While all three bills were approved, Rushing later said they would be combined into one bill, House Bill 1773. An amendment will be placed in the Senate version that would allow grandparents to retain visitation if their child who is a parent dies and a new spouse adopts the children.

The bills passed on a voice vote, but legislators did have questions. Rep. Rep. LeAnne Burch, D-Monticello, an attorney, worried that the burden of proof for grandparents and great-grandparents would be too low and said part of the language in the bill already exists in current law. Rep. Frances Cavenaugh, R-Walnut Ridge, expressed concern about “mean grandparents.”

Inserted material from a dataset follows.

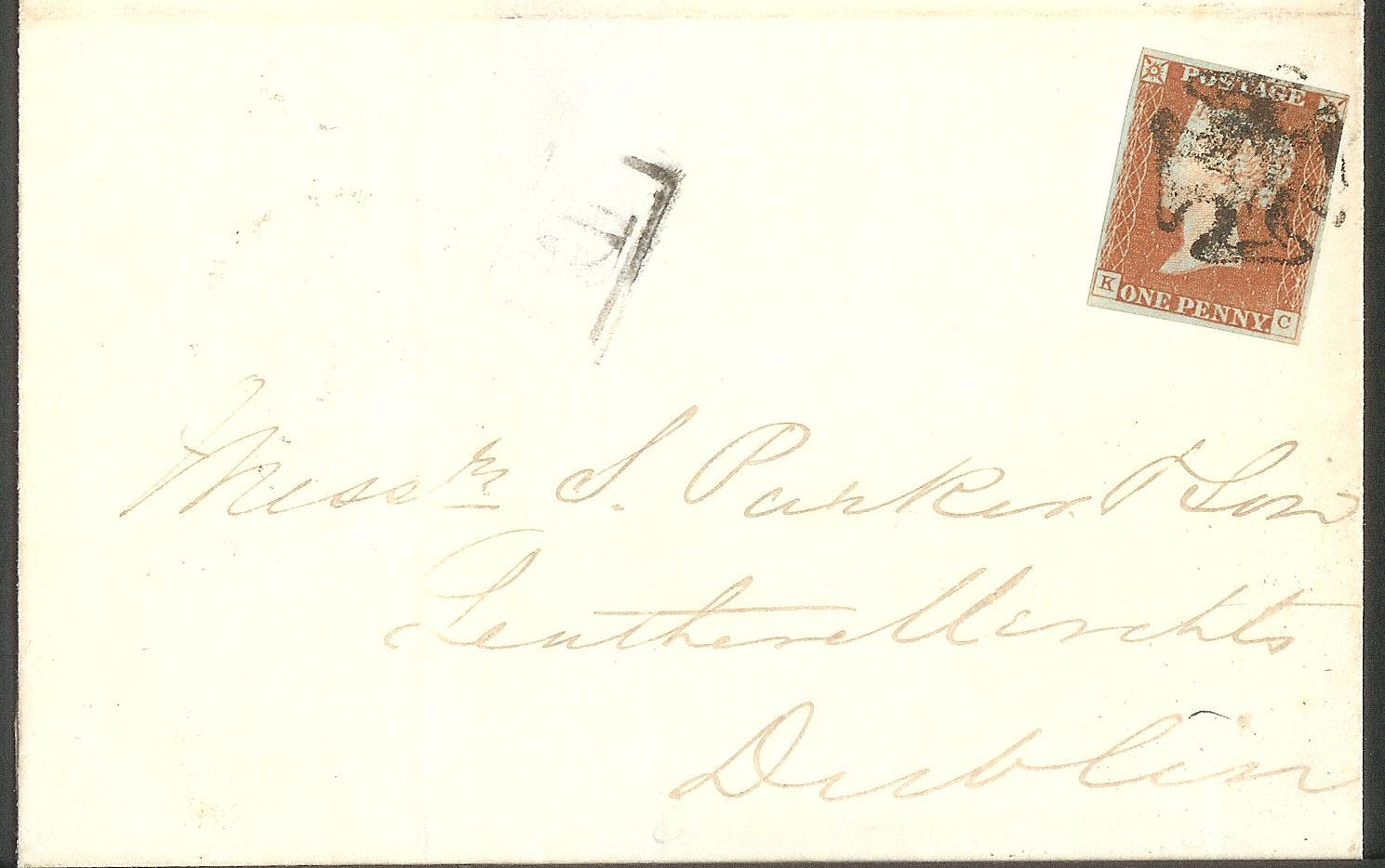 [KC] from Cork to Dublin, dated 6 March 1844, cancelled with a black Maltese cross (Cork special)

Rushing began her presentation by placing in front of herself photos of her grandchildren ages 6, 4 and 2, whom she has not seen in nearly a year. Last May 17, she received a phone call from her son-in-law informing her that her daughter had been found dead on the couch at their home in North Carolina.

She said May 28, when her son-in-law left Arkansas with her grandchildren, was “the last day I was able to see my grandbabies.” Rushing said her son-in-law, with whom she believed she had a good relationship, met another woman the Monday after he left Arkansas and quickly became engaged. On July 17, he informed Rushing and her husband through an email that they were no longer welcome at his house.

Rushing said Arkansas has good laws pertaining to grandparents’ rights while North Carolina does not. She said she began working on the legislation as a result of her own situation, but that passage would not affect her own case because her legal issues exist in North Carolina.